We tried out by searching in our console on primary keys. Then our console would respond immediately, as expected: because then only a lock of a small part of the table is needed.
To get around the problem, we decided to commit from within each delegate, basically after each step in the process. We checked of course with the product-owner: for consistency having some data visible during the execution of the process wasn’t a problem.
DB2 doesn’t support nested transaction, so in our delegate a new dbsession had to be opened (and closed):

EntityManagerFactoryImpl entityManagerFactory = (EntityManagerFactoryImpl) Persistence.
    createEntityManagerFactory(properties.getProperty("myunitname");
sessionFactory = entityManagerFactory.getSessionFactory();
Session session = sessionFactory.openSession();
session.getTransaction().begin();
...
session.getTransaction().commit();
session.close();

Note: if you use Spring-transactions, Spring will do the above boilerplate for you.

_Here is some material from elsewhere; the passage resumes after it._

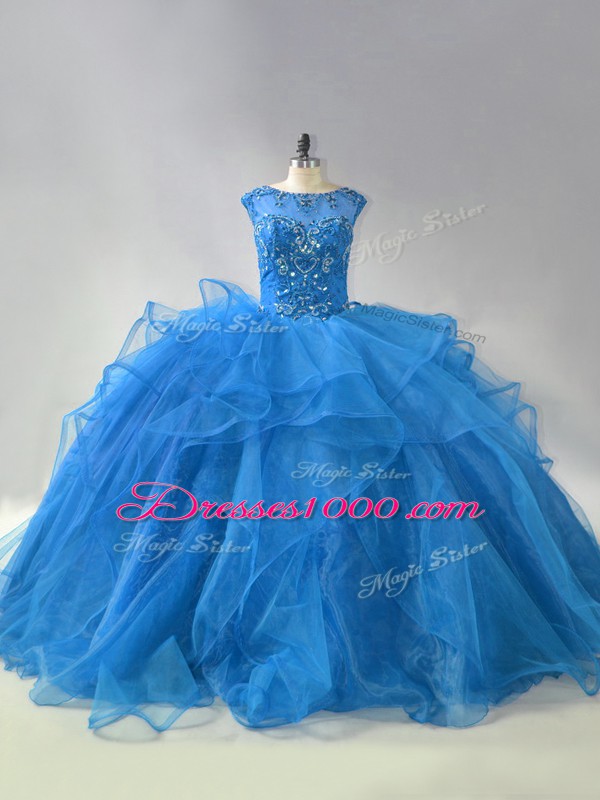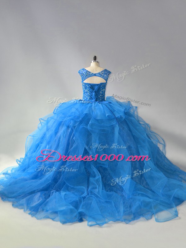 Beading and Ruffles Sweet 16 Quinceanera Dress Blue Lace Up Sleeveless Brush Train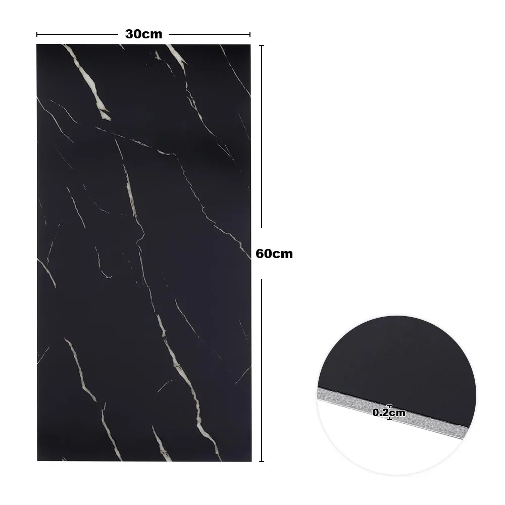 Modern marble pattern complements most home decor. Thickened PVC ensures the tiles stay in place for a long time. Easy peel-and-stick installation on flat surfaces.

Now locks were held for a much shorter time. After this change, our console behaved normally.
Activiti with commit
The behavior of the process as listed before was in fact desired in the first place. After all writes, a flush statement existed in the original code. On DB2 that statement would indeed cause the data to be written to disk, but the data wouldn’t be visible until the commit was performed.